You mean the continental royalty which is largely blood cousins, through their common great-to-the-nth grandmother Queen Victoria? Her son is counted as the beginning of the Windsor house. (Retroactively in that case – Edward VI had died 7 years earlier, but the Royal Proclamation creating the House of Windsor stated that all British descendants of Victoria and Albert in the male line would be Windsors, not Saxe-Coburg-Gothas.)
If I’m missing your point, I apologize, but if your point is that somehow the House of Windsor was inferior to any royal house on the continent, you do so overlooking the fact that they’re related to most of them.
Of course they are, they edged in, but they are not royalty ab initio as it were: they were placed on the throne by traitors as complaisant obedient figureheads, and to get to a wretch foul enough to take this corrupt bargain the traitors had to be refused by over 60 others nearer in line.
As for old Vicky, that is not very long ago: most Euro royalty is also related to Charles V HRE or Karl the Great or Henry IV HRE, she herself was of no more importance than a Bonaparte.
Still used in passport wording: “Her Britannic Majesty’s Secretary of State Requests and requires in the Name of Her Majesty all those whom it may concern to allow the bearer to pass freely without let or hindrance, and to afford the bearer such assistance and protection as may be necessary.”

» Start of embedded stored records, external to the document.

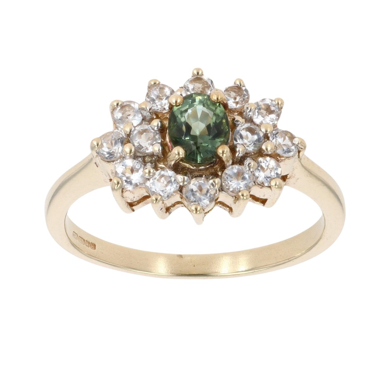 9ct Yellow Gold Andalusite And Cubic Zirconia Cluster Ring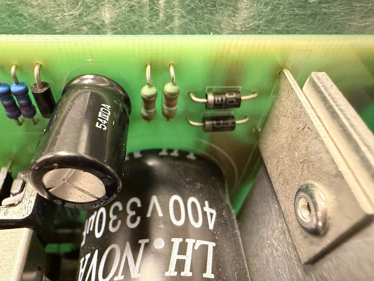 Ariane S. schrieb: > ein Wiederstand mit 39,2 K Ohm > ist tot. Na da haben wir ja den kleinen Racker. Die beiden Widerstände (übrigens ohne 'ie') sind vermutlich in Reihe geschaltet, weil einer alleine nicht über 200V verträgt. Die zusammmen bilden den Startwiderstand. Daneben übrigens dürfte der von mir erwähnte Elko sein. Wenn du schon beim Teilekauf bist, besorge den gleich mit. Sollte aber schon ein Markenelko sein, Panasonic oder Rubicon.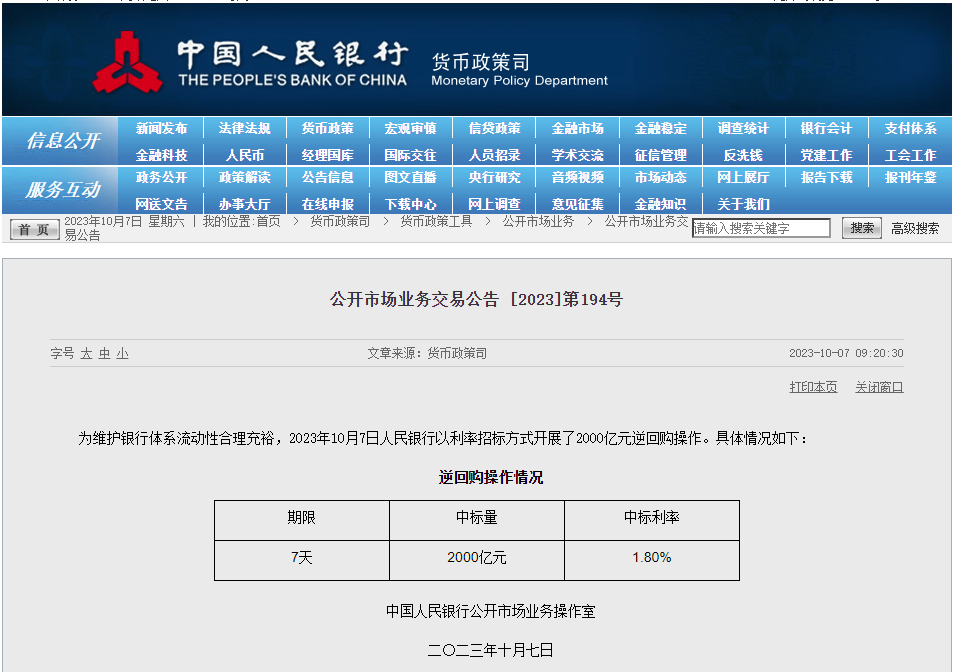 據(jù)中國人民銀行網(wǎng)站公告,10月7日,央行以利率招標方式開展2000億元逆回購操作,期限為7天,中標利率為1.80%,與此前持平。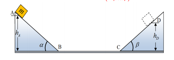 Considere que el plano horizontal BC es liso y que las pendientes AB y CD son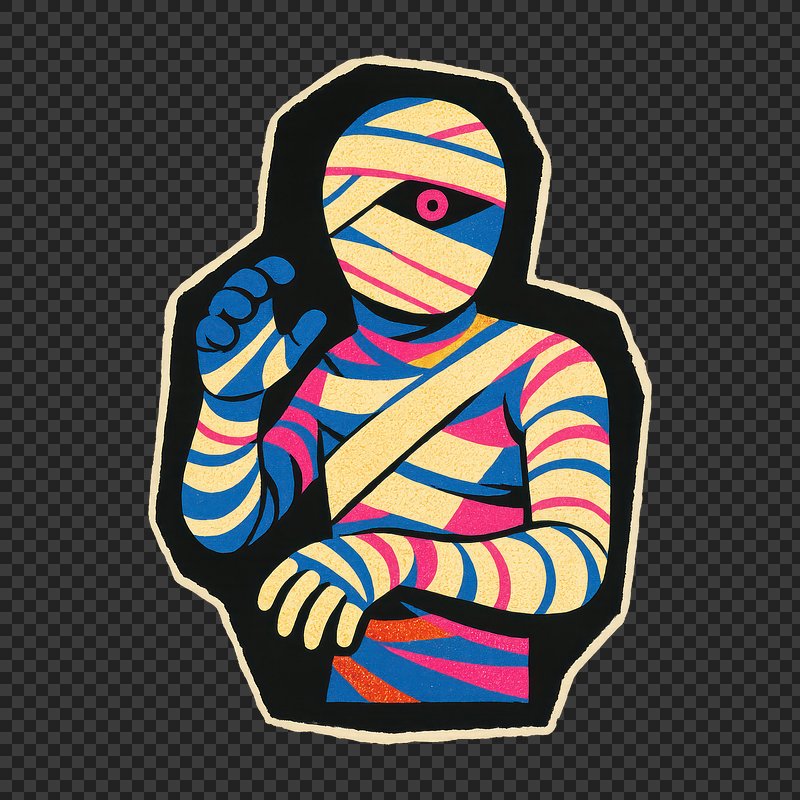 PNG Colorful abstract mummy illustration https://www.rawpixel.com/image/24541595/png-colorful-abstract-mummy-illustrationView license

With the fall of various monarchies, it wasn’t needed anymore to differentiate from other monarchies in formal documents, like His Most Christian Majesty ( King of France), His Apostolic Majesty ( King of Hungary), and His Most Faithful Majesty (King of Portugal).
The King of Spain is back in business, but apparently Juan Carlos didn’t use the title of His Most Catholic Majesty.
While the title is held by every Regnant of Spain since Isabel I of Castille and Fernando II of Aragon, it tends to be reserved for them in general use and therefore gets trotted out only ocasionally and sparingly. You’re more likely to hear it from a bishop adressing the regnant than to see it in an official document. It’s also been used on occasion by a regnant who wanted to cozy up to the Church, such as Fernando VII in his most conservative moments (dude changed policies, politics and favorites like other people change underwear).
Was only ever used (and is still used) in diplomatic/international relations contexts, where it’s necessary or helpful to distinguish one majesty from another, or at least politic to acknowledge that other majesties do exist. It has never been current in the domestic context, where His/Her Majesty can only ever mean One Thing.
:mad: I’m pretty sure I typed that correctly (i.e., made the correct number of the correct keystrokes), but this browser is dropping keystrokes like mad. But yes, VII. House of Windsor was backdated to Eddie VII.